- Theatrical release poster
- Directed by: Hari Santhosh
- Written by: Hari Santhosh
- Produced by: Nisha Venkat Konanki
- Starring: Dhanveerah; Sreeleela;
- Cinematography: Mahen Simha
- Edited by: K. M. Prakash
- Music by: B. Ajaneesh Loknath
- Production company: KVN Productions
- Release date: 18 February 2022;
- Running time: 141 minutes
- Country: India
- Language: Kannada

= By Two Love =

2022 film

By Two Love is a 2022 Indian Kannada-language romance drama film written and directed by Hari Santhosh. Produced by KVN Productions, it stars Dhanveerah and Sreeleela. The film tells the story of two youngsters in Bangalore, Balu and Leela, who lead an independent life and don't resonate with the traditional idea of marriage and children. The film has score and soundtrack composed by B. Ajaneesh Loknath.

The film was released theatrically on 18 February 2022.

==Plot==
Balu is a die-hard Sachin Tendulkar fan, who has a problem with his family since his father has married for the second time. Leelu is unhappy with her younger brother's conduct in life. Yet, their mother keeps taking the side of her younger brother.

Balu and Leela, hailing from different towns, decide to leave their respective homes and land up in the cosmopolitan city of Bangalore, looking for jobs. They accidentally meet in a cab and get into a fight. Unfortunately, the two land jobs at the same office, a professional matrimonial company Mr & Mrs Matrimony. Time passes by, Balu and Leelu become good friends, and eventually, fall in love with each other. Balu and Leelu decide to take their life to the next stage and test themselves and find whether they are fit enough to start a family. Their quest lead them to adopt an infant child and start a live-in relationship and names the child as Puppy.

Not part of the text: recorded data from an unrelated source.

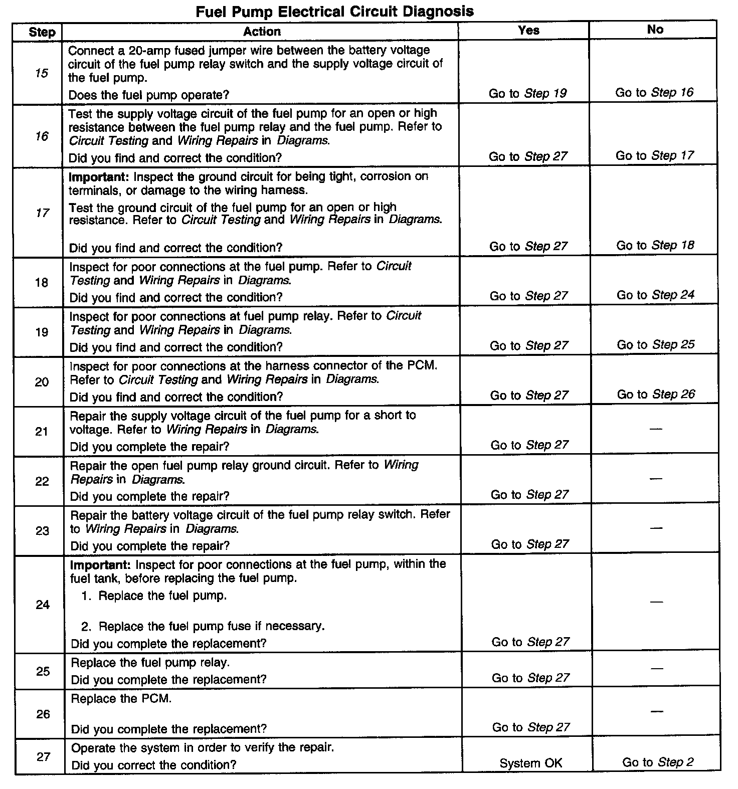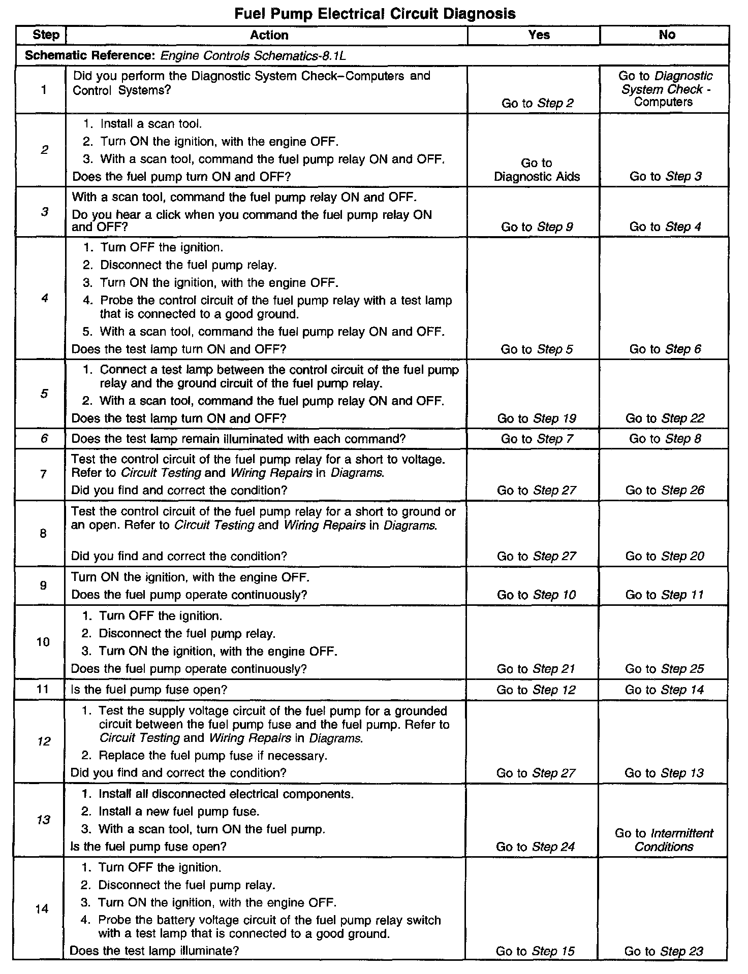 Fuel Pump Electrical Circuit Diagnosis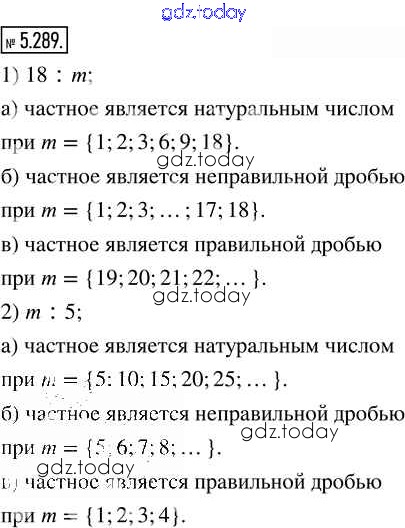 Ответы к Глава 5. Обыкновенные дроби Часть 2 (решение) 5.289 Учебнику по Математике для 5 класса Виленкин, Жохов Просвещение 2021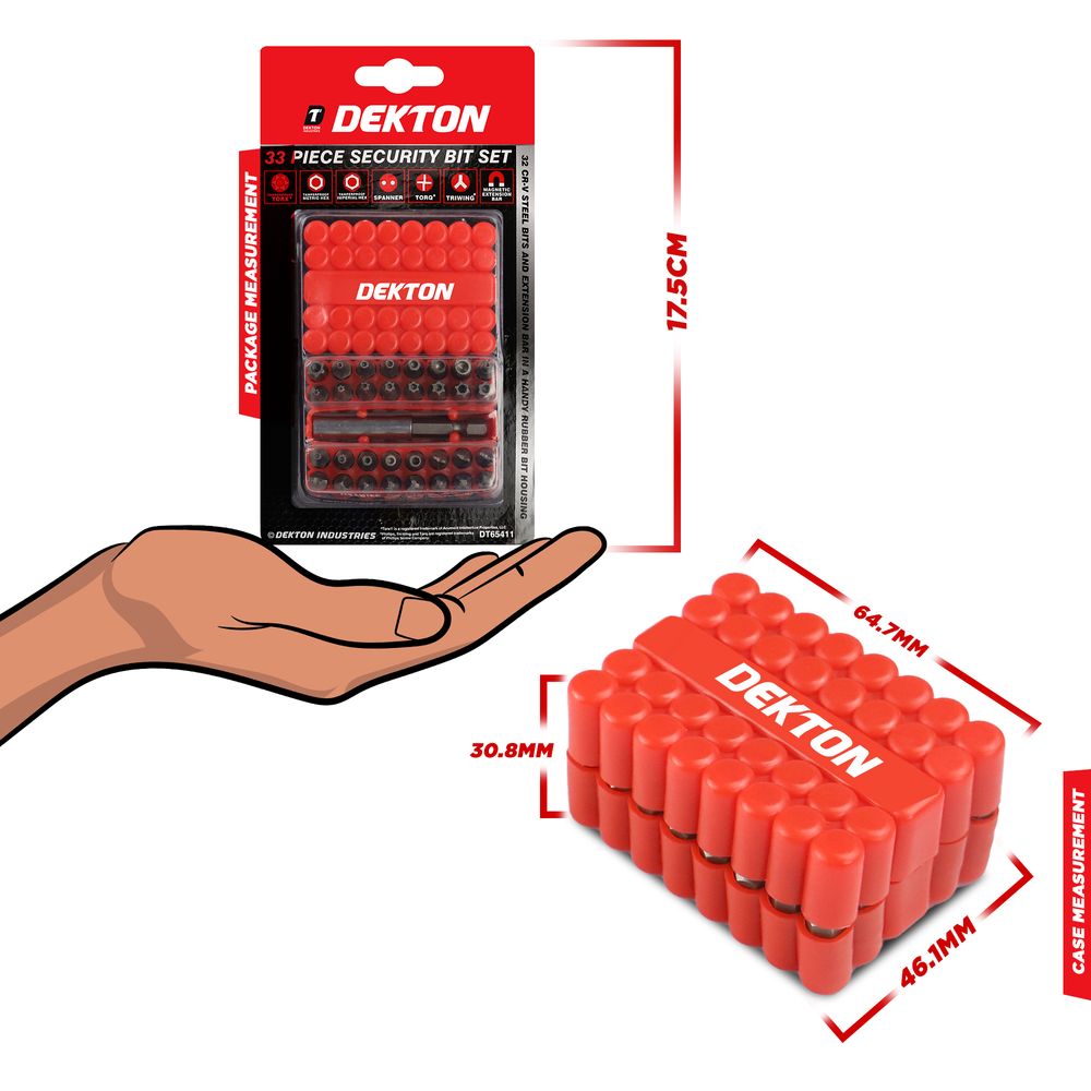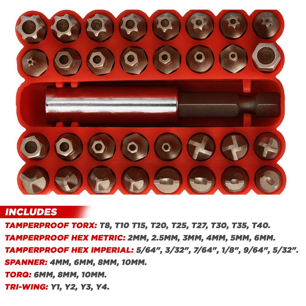 Includes: Magnetic extension bar: 60mm, Tamperproof Torx: T8, T10 T15, T20, T25, T27, T30, T35, T40. Tamperproof Hex Metric: 2mm, 2.5mm, 3mm, 4mm, 5mm, 6mm. Tamperproof Hex Imperial: 5/64″, 3/32″, 7/64″, 1/8″, 9/64″, 5/32″. Spanner: 4mm, 6mm, 8mm, 10mm. Torq: 6mm, 8mm, 10mm. Tri-Wing: Y1, Y2, Y3, Y4.
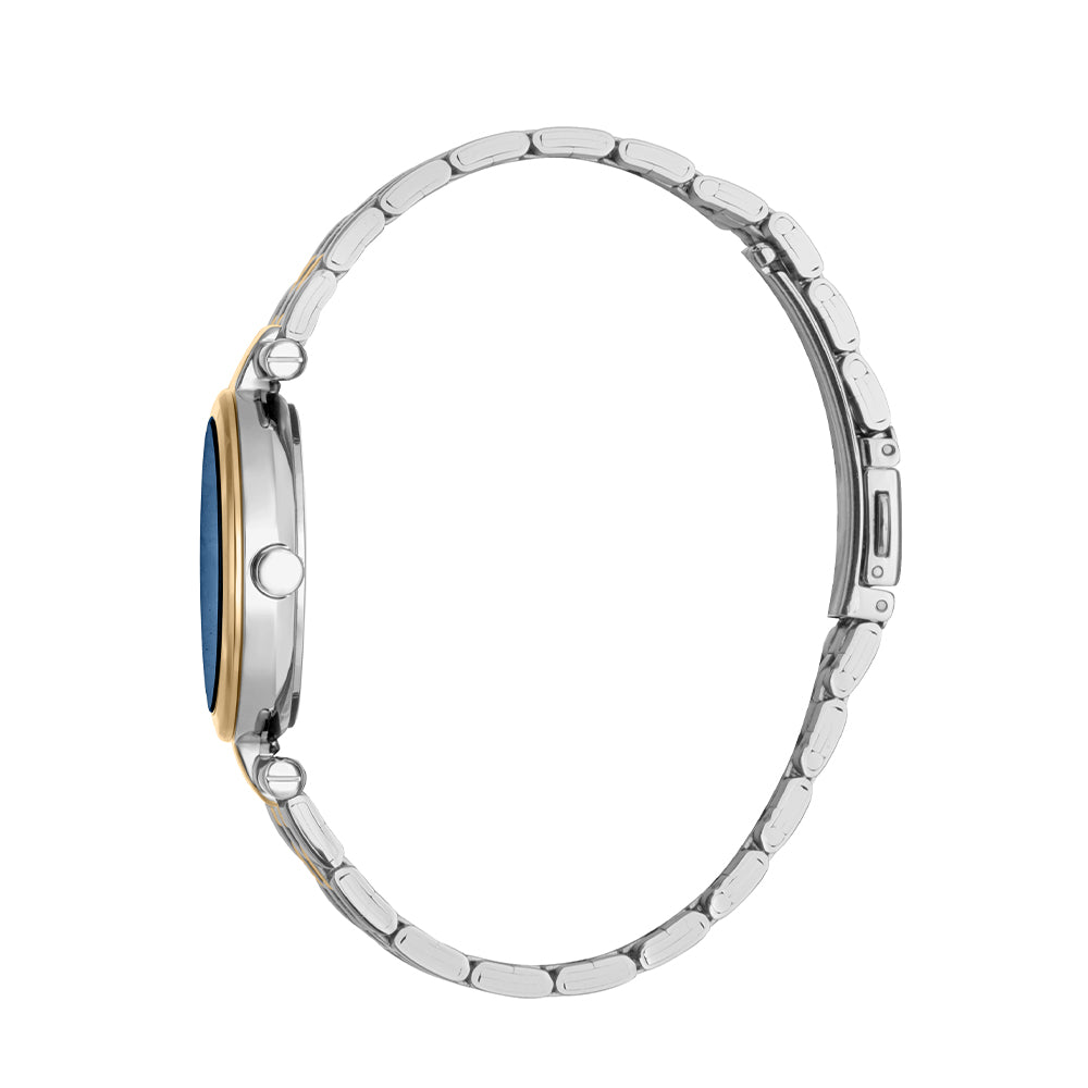 Crafted in polished steel, this 3-hand watch features a minimalist blue dial and stylish T-bar design paired with a two-tone stainless steel bracelet for a creative twist.

Initially, life is rosy, but it doesn't stay that way. In the end, they realize that running a family isn't easy and part ways, leaving Puppy to its fate. When they reach their hometowns. Balu finds that he misunderstood his father where he reconciles with him and Balu reveals about Leelu and Puppy to his father and Leelu also tells the same to her mother. The parents advice them to reconcile with each other. Balu and Leelu meet and apologize to each other and search for Puppy, but to no avail. An auto driver, who gave Puppy to Balu and Leelu finds Puppy and brings him to Balu and Leelu, thus reconciling with each other.

In a mid-credits scene, Balu and Leelu get married in presence of their parents, friends and Puppy.

== Production ==
The film was announced in December 2020 with Dhaveerrah and Sreeleela paired opposite each other. Santosh stated that he wrote By Two Love from his own experiences about the idea of marriage. Filming was completed in April 2021, and Santosh confirmed that he had begun pre-production work of By Two Love's Telugu remake under the production of Sai Korrapati's Vaaraahi Chalana Chitram.

==Release==
By Two Love was released theatrically on 18 February 2022.

== Soundtrack ==
The soundtrack album has four singles composed by B. Ajaneesh Loknath, and released on Anand Audio.

Track listings
| No. | Title | Singer(s) | Length |
|---|---|---|---|
| 1. | "I Hate Love" | B Ajaneesh Loknath, C R Bobby | 3:43 |
| 2. | "Bytwo Bytwo" | Mano | 3:20 |
| 3. | "Neene Neene" | Karthik | 3:29 |
| 4. | "Huduga Hudugi" | Naveen Sajju | 3:48 |
| 5. | "Pogadiro Ranga" | Chinmayi, Haricharan | 3:56 |
| Total length: |  |  | 18:16 |

== Reception ==
Reviewing the film for The Times of India, Sunayana Suresh wrote: "The film has some interesting nuances of the frailties and complexities of the current generation, who prefer being detached and baggage free." The New Indian Express critic A. Sharadhaa called it a "roller coaster ride" which " shouldered on the two young actors." She stated that the film was an urban tale that ran on familiar territory. On technical aspects, Vijaya Karnataka reviewer Avinash G. Ram wrote: "Ajaneesh had the opportunity to make background music more effective. Full marks must be given to Mahen Simha's cinematography. Mahen has built the entire cinema with great ease [sic]"

Jagadish Anagdi of Deccan Herald termed it an "epic misfire." "The first half thoroughly tests our patience with too many unrelated scenes. It starts with an action sequence which, in no way, is linked to the plot. Double entendres are embarrassing.